Sea Turtles on the Outer Banks

Sea Turtles on the Outer Banks


Every year, thousands of visitors venture to the sun-soaked shorelines of the Outer Banks of North Carolina in search of the perfect spot for rest and relaxation or the opportunity to partake in a wide array of recreational activities ranging from surfing to standup paddleboarding. However flip flop-clad vacationers hoping to spend a week making memories that will last a lifetime aren’t the only ones who travel hundreds of miles to spend time on the string of thin barrier islands that make up the so-called OBX.

Photo: National Park Service

Every year, from May until September, adult female sea turtles make the arduous journey from the open waters of the Atlantic Ocean to the coast of North Carolina to dig a hole deep down in the sand and lay dozens of eggs under the cover of darkness. Despite these sea turtles’ efforts to tuck their nest safely above the high-tide line, the majority of baby sea turtles that hatch from these eggs don’t survive longer than their first few days of life at sea—if they make it from the safety of the sand to the ocean waves at all. Those sea turtles that are fortunate enough to survive the trek to the sea are also faced with an assortment of natural and manmade threats with the potential to eliminate their chances of ever reaching adulthood.
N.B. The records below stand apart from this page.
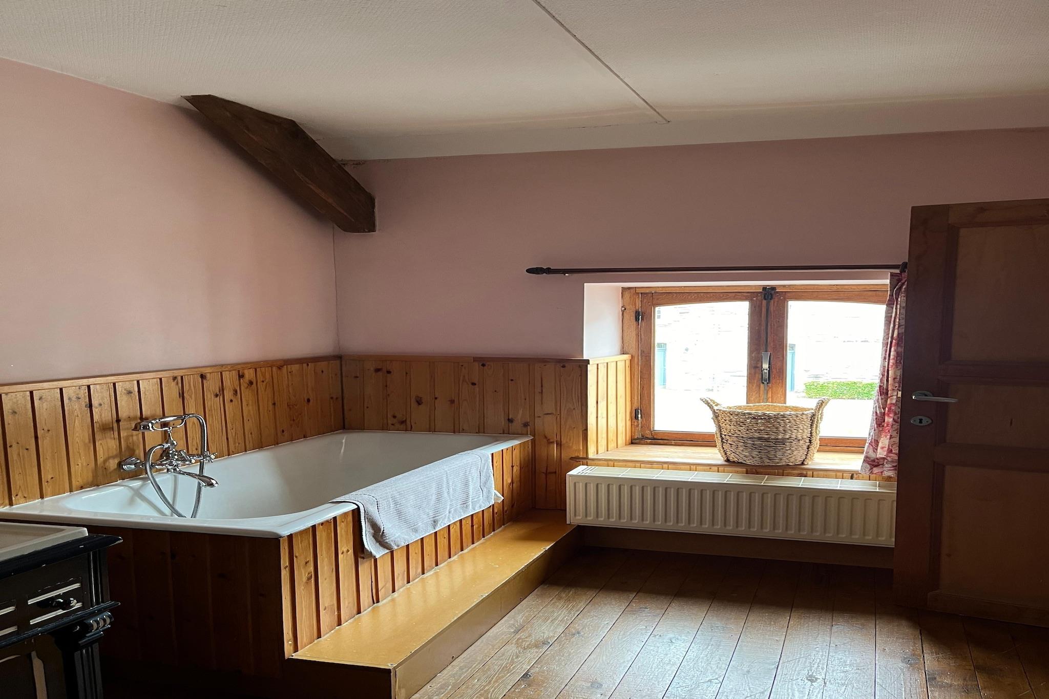 Zeer mooi gelegen en simpel ouderwets maar toch comfortabel ingerichtte kasteelhoeve. Voldoende wasgelegenheid voor de negen volwassen personen waar wij mee verbleven in dit grote huis. Wel opletten dat men niet te hard praat in de zitruimte als er al mensen slapen in de kamers erboven. Een droogkast zou wel handig zijn om bij regenweer de vele handdoeken die je wel kan wassen droog te krijgen. Een zeer goede vakantie gehad in dit toch wel speciale huis met soms een vreemde bezoeker zoals een vogel of een kikker of een slak in de zitkamer. Een vakantiewoning voor mensen die niet de mooie moderne luxe hoeven maar tevreden zijn met wel alle comfort op een iets of wat ouderwetse stijl. Ook een grote achtertuin met een barbecue en voldoende tuinstoelen onder een grote schaduwrijke boom als de zon haar best doet. Voor ons zeker voor herhaling vatbaar.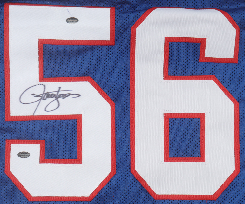 Custom jersey with everything sewn own, size XL. Hand-signed by Lawrence Taylor (HOF).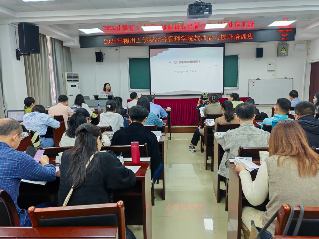 为深化高等教育改革,全面加强教师队伍建设,2025年11月7日至11日,经济管理学院组织40名教师,在副院长黄良芳的带领下,赴广西大学开展为期五天的教师能力提升专项培训。本次培训聚焦数字素养提升、教学模式创新、课程内涵建设等核心议题,为教师搭建了多元化的学习交流与实践提升平台。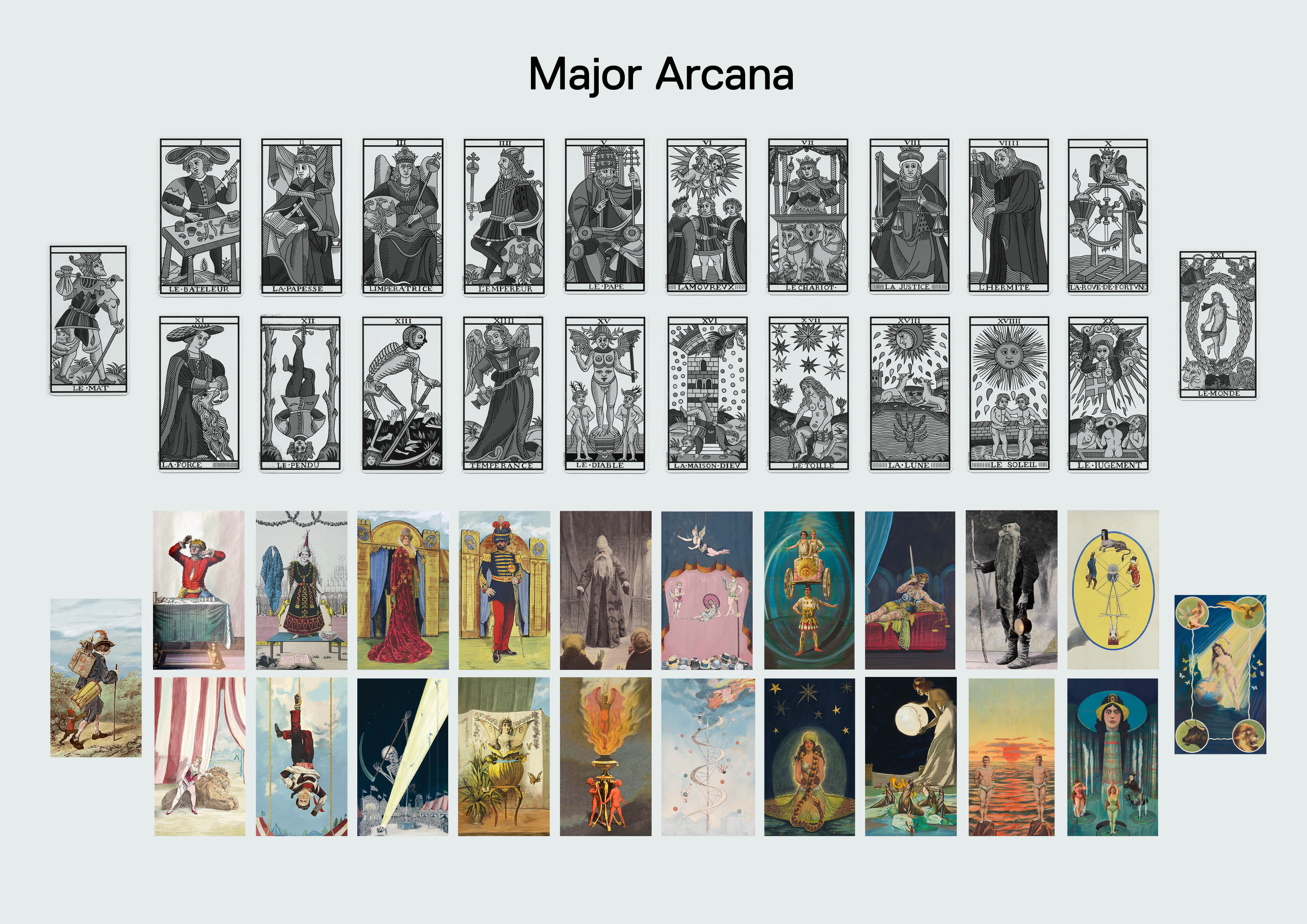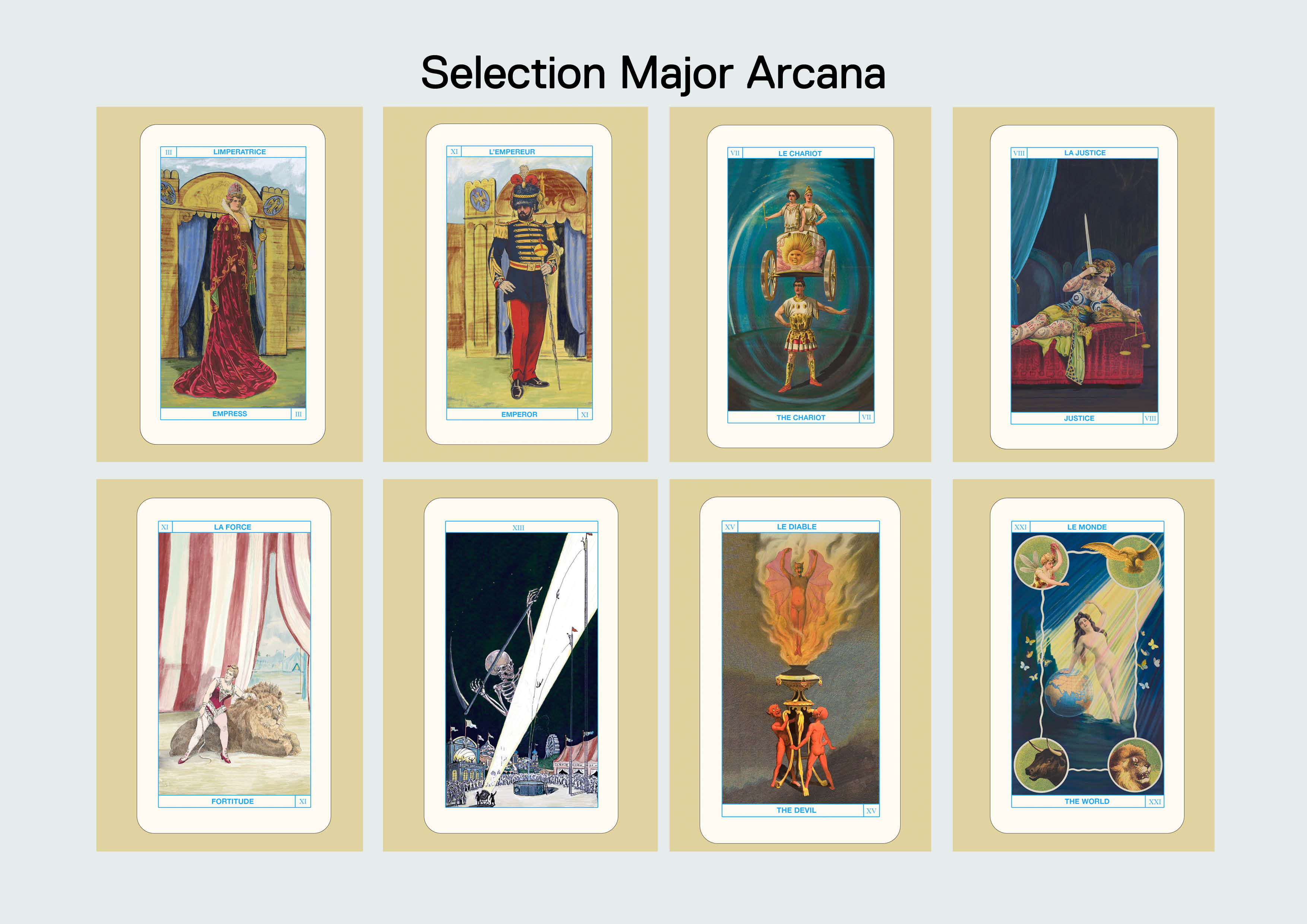 Tarot is ancient but reached a peak in the 19th century when the cards acquired symbolic meaning. It is no coincidence that the cards gained a central place at fairs and related popular entertainment venues. We transform parts of images related to or depicting those 19th century funfairs and circuses to form a Tarot deck.

Photo: Network for Endangered Sea Turtles (N.E.S.T.)

According to the National Oceanic and Atmospheric Administration (NOAA), all sea turtles found in U.S. waters are listed in the Endangered Species Act, which was signed on Dec. 28, 1973, and provides protections for species that are deemed threatened or endangered, as well as conservation of the habitats and ecosystems upon which they depend. From pollution, climate change and entanglement in debris to accidental capture by commercial fishing operations, strikes by vessels and destruction of their nesting and feeding habitats, a variety of threat pose serious risks for the survival of sea turtles today. These issues have caused a rapid decline in sea turtle populations since the 1930s, prompting conservationists to team up to help combat the threats these sea turtles face and to help increase their chances of survival.

Photo: Stephanie Banfield

Seven species of sea turtles have been identified, five of which can be found along the coast of North Carolina’s Outer Banks: the loggerhead, leatherback, green, Kemp’s ridley and hawksbill. When sea turtle nesting season begins on the OBX in May, female sea turtles come ashore to lay approximately 100-120 eggs the size of ping-pong balls in their nest, which is also called a “clutch.” The nest consists of a hole in the sand that is typically 1-2 feet in depth, and once the eggs have been laid, the sea turtle covers the hole and the eggs with sand before venturing back out to sea. Sea turtle nests are virtually invisible on the surface, with the turtle’s tracks from the nest to the water being the only way to tell any eggs were laid on the shore. Although female sea turtles only nest every other or every third year, during nesting years the turtle will return to the beach lay another nest of eggs every two weeks or so—typically resulting in a total of between four and seven nests per turtle.  

Most nests of eggs incubate under the sand for a period of 60 days before they hatch, but if the nests are made during cooler weather or shady spots, the eggs can take as many as 100 days to hatch. Volunteers—such as those involved with the Network for Endangered Sea Turtles (N.E.S.T.)—comb the coastline daily from May to September in search of turtle tracks that indicate the location of a new sea turtle nesting spot, and once a nest is found it is monitored closely throughout the duration of the incubation period. Wooden stakes and caution tape are used to create a square border around sea turtle nests on the Outer Banks to indicate their location and prevent them from being tampered with or driven over on four-wheel drive beaches. Volunteers keep a close eye on the nests, searching for signs of disturbance from people, animals and overwash, and watch for clues that the nest is about to hatch, or “boil.”

Photo: Stephanie Banfield

When a nest begins to hatch—which typically occurs during the evening hours—volunteers restrict access to a wide swath of shoreline from the dunes to the edge of the ocean to protect the hatchlings from beachgoers and other dangers. Nests can take several hours or even days to boil after the first signs of hatching occur, but once the process begins, all of the sea turtle hatchlings start their journey from the depths of the hole in the sand to the waves lapping at the shoreline within minutes of one another.

Photo: Stephanie Banfield

Volunteers stand by to ensure all the hatchlings successfully make it to the sea without any inference from predators—such as seagulls—and help guide any wayward hatchlings that head the wrong direction back toward the water. It is the hopes of volunteers and conservationists alike that once these sea turtles have all been safely escorted to the sea, some will survive to adulthood and return to the shores of the Outer Banks of North Carolina someday to begin the process all over again—and that one day sea turtle populations will flourish and they will no longer find themselves an endangered species.